I had never heard of PDSA specifically, but it sounds just like the Six Sigma DMAIC concept. The continous improvement ideas are also stressed in Human Performance Technology.
PDSA is also known as the Deming cycle, which is an evolution of the earlier PDCA / Shewhart cycle.
You’ll find metrics galore in the new Don Reinertsen book, but the core are your basic throughput metrics: throughput, cycle time, lead time, work-in-process, station availability. “Software by Numbers” also makes a solid economic argument.
We’ve been seeing 2-4x productivity improvements over comparable teams using Scrum-like methods (e.g. http://www.ddj.com/architect/218000215), and even bigger improvements over teams using traditional phase/gate methods. But of course, this stuff is really about scale and enterprise integration. Team performance improvement is mostly a bonus feature.
Those most interesting and valuable ideas in lean are the focus on the simple over the complex. The idea that excess process are wasteful, and even dangerous, shouldn’t need to be said, but it does.
The areas where I believe lean software development practitioners betray lean’s roots is specifying certain technologies or patterns. The whole point is that process will be specified at a team, or organization level from the ground up. One example of this would be declaring that you can’t have lean without test driven development.
I very much agree with you about the overspecification of tools and practices, and you picked a good example. I like User Stories, and sometimes I use them because sometimes that is an appropriate method. Other times it isn’t. I’m glad I know more than one requirements analysis technique. Right tool for the job. No golden hammers.
I guess I am somewhat late to this discussion – but hopefully you will see this and respond. I am still early in my learning of Lean Software Development – and your two posts were very instructive.

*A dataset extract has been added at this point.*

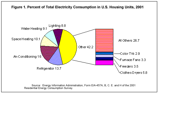 Electricity is consumed for a wide variety of uses in the home. This web product presents a detailed account of the amount of electricity used to operate numerous appliances in 2001.

However, I am left with a nagging question – how different is all this from Agile or Iterative development – both of which also talk of many of the same things such as delivering in small chunks, delivering continuously for faster market/ customer feedback, etc.?
A secondary question – based on the current capabilities of various software engineering and project management tools, what can software teams actually practice of Lean methods? There are a lot of tools that support Agile development, including the one my company produces – are there tools that explicitly provide Lean related processes, workflows, metrics and measures? Or are Lean practitioners able to do Lean projects using standard/ Agile tools in the market – in other words – is it more to do with the methods than the tools?